Aric Hall, a hematologist at the University of Wisconsin–Madison, noted that, although the technology has received much attention, it is still relatively novel. “I used to joke that for the first ten years, there were more review articles about CAR-T than there were patients who had been treated by CAR-T products.” He warns that rare risks could become significant as the therapy expands to less critically ill patients.
The Challenge of Vector Safety
The risk of malignancy arises from the genetic engineering involved in CAR-T therapy. This process uses retroviruses to insert genetic information into T cells. These modified cells, designed to target and kill cancer cells, might inadvertently activate cancer-promoting genes or deactivate tumor-suppressing ones.
This risk, known as insertional mutagenesis, has historical precedent. About 20 years ago, gene therapies for severe combined immunodeficiency syndrome caused leukemia in some treated infants. To mitigate such risks, scientists have refined the vectors used in CAR-T therapy, making them safer. The FDA recommends testing CAR-T products to demonstrate that the vectors cannot replicate.
The Search for Evidence
The FDA’s warning prompted further scrutiny. Levine and colleagues published a commentary urging a deeper examination of the data. In January, the FDA reported that the agency was aware of 22 cases of leukemia among CAR-T recipients, with 11 further case notifications received since then, according to reporting in Nature. Some cases contain the CAR gene, suggesting a possible causal link. However, proving causality is complex.

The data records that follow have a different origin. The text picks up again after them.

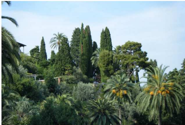
Piante mediterranee e da ogni parte del mondo convivono nei giardini di Villa della Pergola
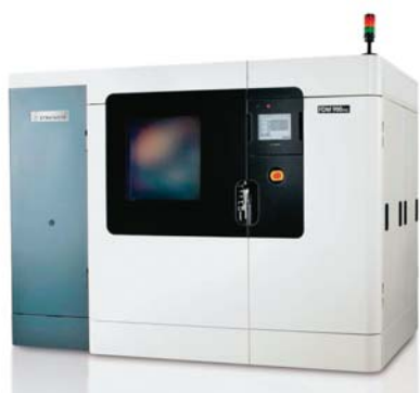
SLIKA 5. Uređaj Stratasys FDM 900mc
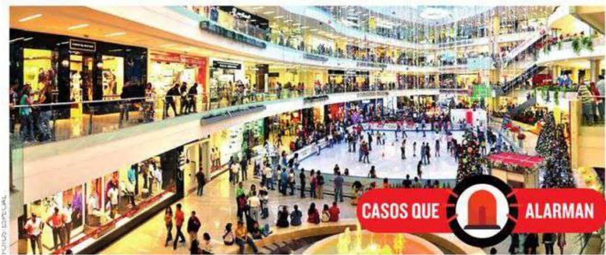
En Plaza Antara se cometió uno de los secuestros exprés
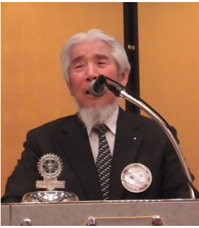
杭迫会員お誕生日 おめでとうございます
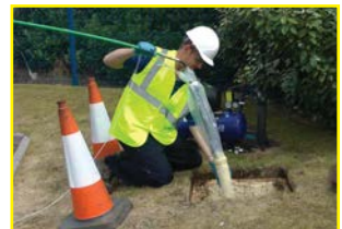
Pipe Doctor Buisreparatiesysteem

*voor meer informatie verwijzen wij u naar de desbetreffende folders.
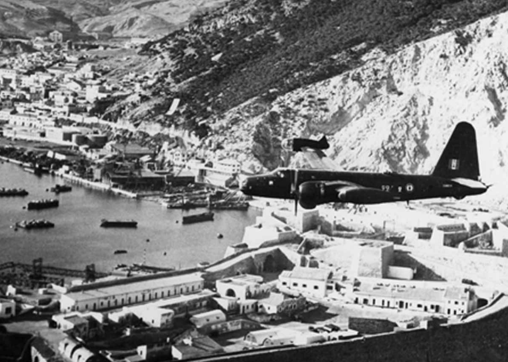
Neptune de la flottille 22F sur Mers-el-Kebir en 1959
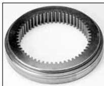
IN : Acier
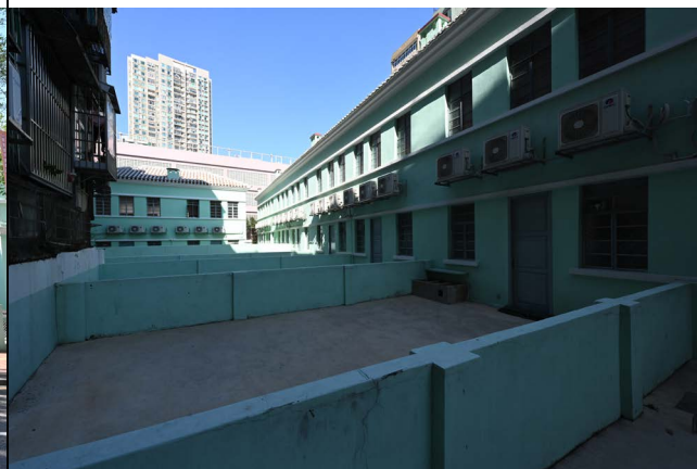
圖 2.5.2：建築群之後立面
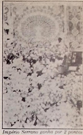
Império Serrano ganha por 2 pontos
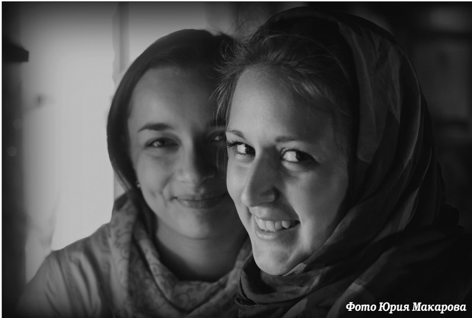
Фото Юрия Макарова

«Нескучный сад» Подзаголовок «Православной газеты» Фото протоиерея Алексия Уминского сделано диаконом Андреем РАДКЕВИЧЕМ.
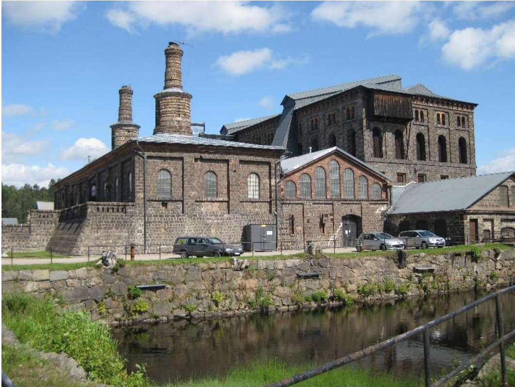
Gamla hyttan i Avesta

Min tid som guide var över och vi återvände till stadens centrum.
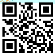
【緊急連絡用HPアドレス：QRコード】

第1条 生徒が登校する以前に暴風警報が発令されている場合、次のいずれかの処置をとる。↓ (1) 始業時刻の2時間前までに解除された場合は平常授業を行う。↓ (2) 始業時刻の2時間前より、午前11時までに解除された場合は、解除後2時間を経過してから、授業を開始する。↓ (3) 午前11時以降解除された場合は、臨時休校とする。↓ (4) 上記の1、2の場合においても、道路、橋の損壊などで危険な場合や、交通機関の停止、自家の被害の著しい場合には、登校するには及ばない。↓ 第3条 暴風以外の災害には、その都度、校長が判断をして適切な措置をとる。↓ 第4条 道路、橋の損壊などで、危険な場合や、交通機関の停止、自家の被害の著しい場合には、登校しなくてもよい。↓ 注) 遠隔地の者は、災害時帰宅できない場合に、宿泊できる場所(親戚・知人宅等)をあらかじめ定めておくこと。(住所・氏名・電話番号・生徒との関係など)↓ 親戚・知人などのない者は、その旨をあらかじめ学級担任に届けておくこと。↓ ①戻る
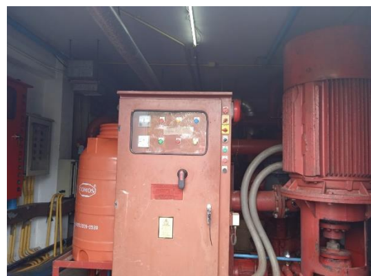
ภาพที่ 24 ปั้มน้ำดับเพลิง
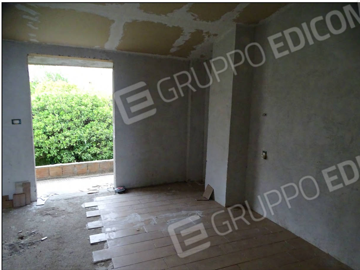
Imm. 22 - Piano secondo. Camera 1 lato corte.
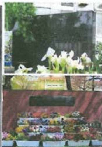
【「開校百年の碑」と「古墳」】

明治6年に「岡小学校」として創立した本校は、移転や改称を経て、昨年度開校150年目を迎えた市内で最も歴史と伝統のある学校である。朝霞市の東部、台地の部分に位置し、学区は南北に長く、坂を下った北側には豊かな水の流れに水鳥が遊ぶ黒目川が控えている。その川の近くには南北朝時代の城跡といわれる「城山」がある。はるか西方には富士山が望め、穏やかで落ち着いた場所である。また、県南部で発見された最大の古墳と言われる終塚古墳、体育館周辺にあった一夜塚古墳、向山地区周辺からは多くの遺跡が発見されるなど、古くから朝霞市の中心的地域だったと考えられている。さらに、新編武蔵風土記に古来からあったとされる東圓寺や、江戸時代中期建築と推定される貴重な旧高橋家住宅など歴史的建造物も身近で見ることができる。このような豊かな自然や文化財に恵まれた環境を十分に生かした特色ある教育課程を編成し、質の高い教育活動を展開する。
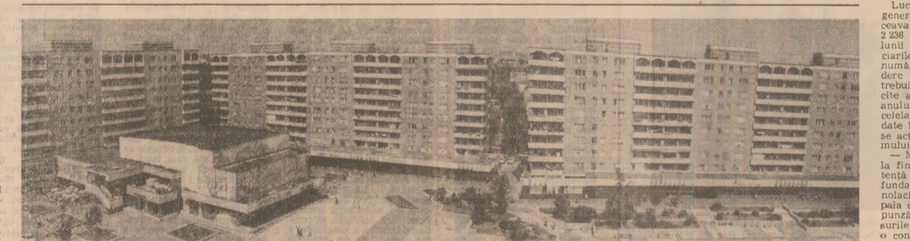
Noi construcții de locuințe în municipiul Oradea

„Dar dincolo de aleea principală? Ceea ce este prezentat la nivelul combinatului este adîncit și concretizat în secție, unde fiecare format este în măsură să curioasă partea sa de efort de lucru, inițiativă și creație. Este momentul să facem loc unei constatări. Dacă în spațiile de plan, masina trebuie să producă zilnic... De asemenea, sînt numeroase calculele privind efectele sporirii
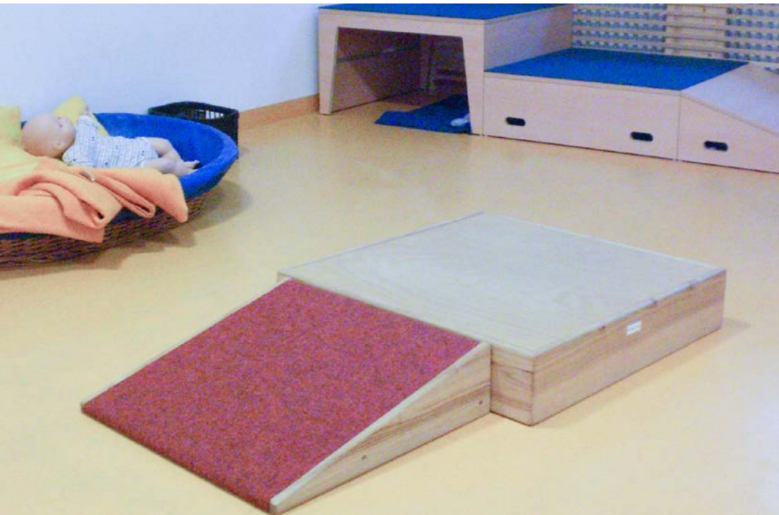
Tageseinrichtung für Kinder Tunzhofer Straße (Einstein- Kita), Stadt Stuttgart
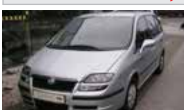
Fiat Ulysse Emotion Pro 2,2 TD BJ 8/03, 128 PS, 43.133 km, 5 trg., silber-met, NSW, PDC, ABS, Radio-CD, Alu, Klima 06182 € 18.900,-
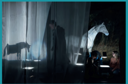
Die Brüder Löwenherz
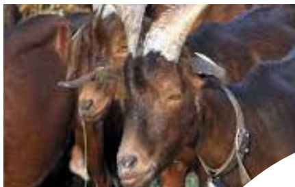
Chèvres du Rove de St Jean de Cornies.
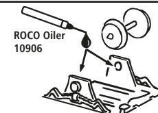
ROCO Oiler 10906

Les pièces de finition illustrées sont à monter par le modéliste. Le jeu de pièces peut comprendre d'autres pièces (non illustrées) qui sont destinées à autres versions du modèle et qui sont superflus à la variante présente.
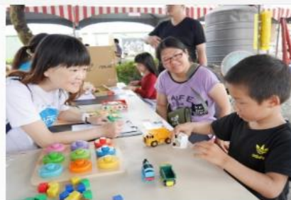
播下特教的希望種子！25年用愛深耕偏鄉 帶來陽光歡笑 造福無數家庭
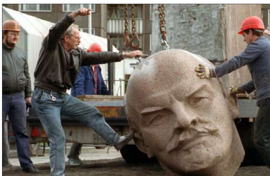
هدم تمثال لينين في برلين عام 1991
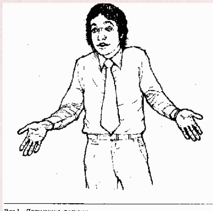
Рис.1. Пожимание плечами.

Открытые во время беседы ладони поощряют собеседников быть взаимно откровенными и доверчивыми
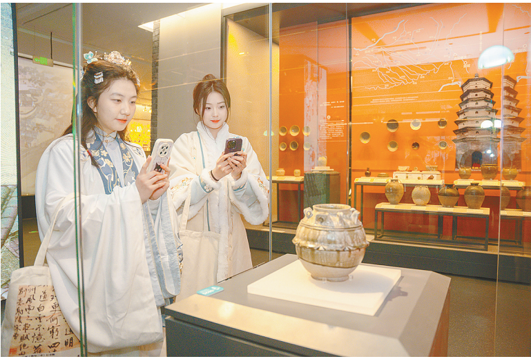
游客打卡精品文物展览
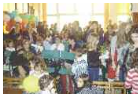
... οι γονείς καμαρώνουν
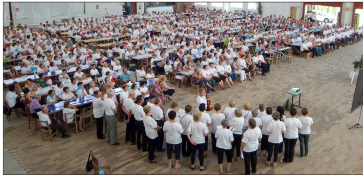
Mais de 900 idosos participaram do encontro

Mais de 900 idosos do Grupo de Apoio e Convivência do Idoso Estrelense e do Projeto Vida Saudável participaram durante esta quarta-feira, dia 8, do Encontro Anual de Integração de Natal, promovido pela Prefeitura, por meio das secretarias municipais de Saúde e Assistência Social e Esportes e Lazer, no Centro Comunitário Cristo
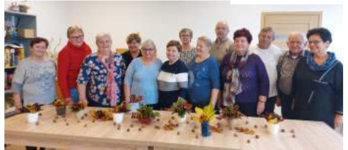
Wizyta w muzeum
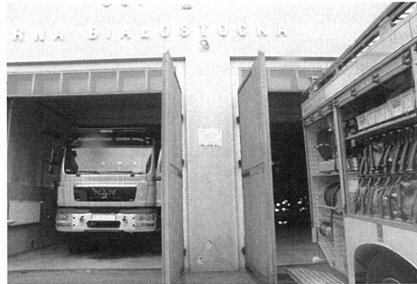
Tablica pamiątkowa umieszczona na budynku OSP w Czarnej Białostockiej

Beneficjent zamieścił informację o współfinansowaniu Projektu przez Unię Europejską na stronie internetowej Urzędu Miejskiego w Czarnej Białostockiej ( www.czarnabialostocka.pl ). Aktualny wydruk z ww. strony internetowej stanowi załącznik nr 9 do Informacji Pokontrolnej.
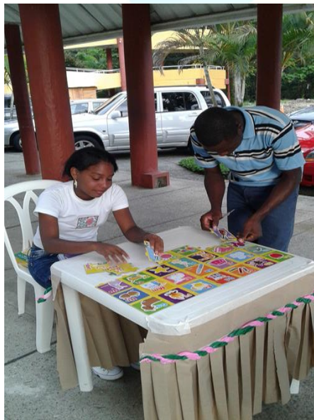
Imagen 14: Actividad vuelve a armar el abecedario.
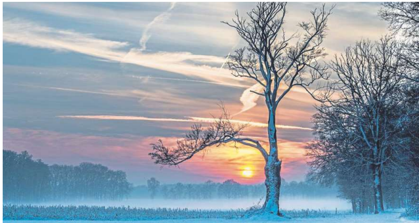
Winterliche Bilder aus November und Dezember können natürlich auch aus den Vorjahren eingereicht werden. Das Foto ist das Januar-Siegerfoto von David Floyd.

Damit auf dem Kalender die Siegerfotos der jeweiligen Monate auch in der bestmöglichen Auflösung gedruckt werden können, werden die Sieger der Monate Januar bis September schon einmal gebeten, sofern noch nicht geschehen, ihre Siegerfotos per E-Mail an s.schwake@dieharke.de . Auch die Sieger der ausstehenden Monate sollten später ihre Fotos an diese Mailadresse schicken. DH
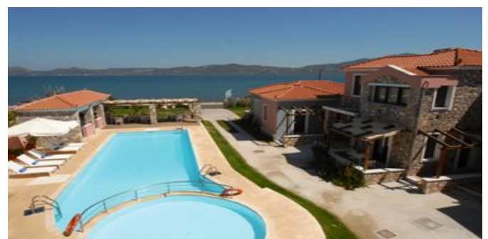
Die Anlage Aeolis
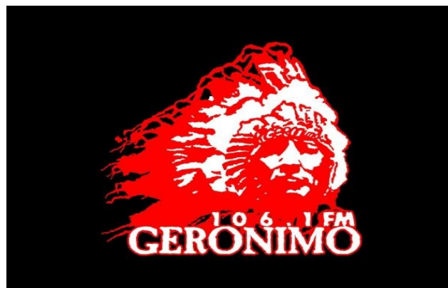
Gambar 1.1 Logo Radio Geronimo.

Dengan memilih logo tersebut, Radio Geronimo berharap bisa meneladani sejarah kepala suku tersebut yang memiliki kekuatan dalam merintis kehidupan mulai dari bawah dengan segala kekurangannya hingga menjadi yang terkuat. Selain logo,
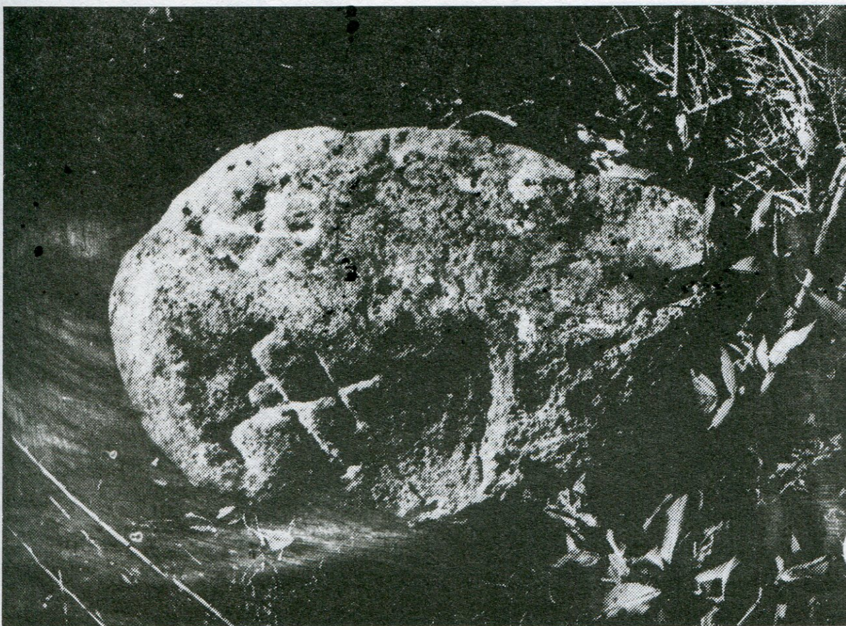
7. Otín, lesní část Farský les, hraniční úsek Pouště. hraničník poř. č. 28. Výška 73 cm, lineární značka, poloha u hranice se Stájíštěmi.

In one case, a 51-year-old man treated for multiple myeloma developed T-cell lymphoma. The cancerous cells carried the CAR gene, but he also had genetic predispositions to cancer, complicating the attribution solely to CAR-T therapy. Researchers at the Peter MacCallum Cancer Center in Melbourne, Australia, are investigating whether pre-cancerous cells existed before the CAR-T treatment.
Rare but Real Risks
Despite the concerns, secondary cancers linked to CAR-T therapy appear rare. At the University of Pennsylvania, only 3.6% of 449 CAR-T-treated patients developed secondary cancers, mainly unrelated to the therapy. At the Mayo Clinic, researchers found similar rates of T-cell lymphoma in CAR-T-treated and untreated cancer patients.
Following the FDA’s warning, Hall began informing patients of the potential risk, emphasizing its rarity compared to the immediate threat of their existing cancer. Crystal Mackall, a pediatric oncologist at Stanford University, concurs, stating, “Most cancer therapies can cause cancer. This is one of the paradoxes of our business.”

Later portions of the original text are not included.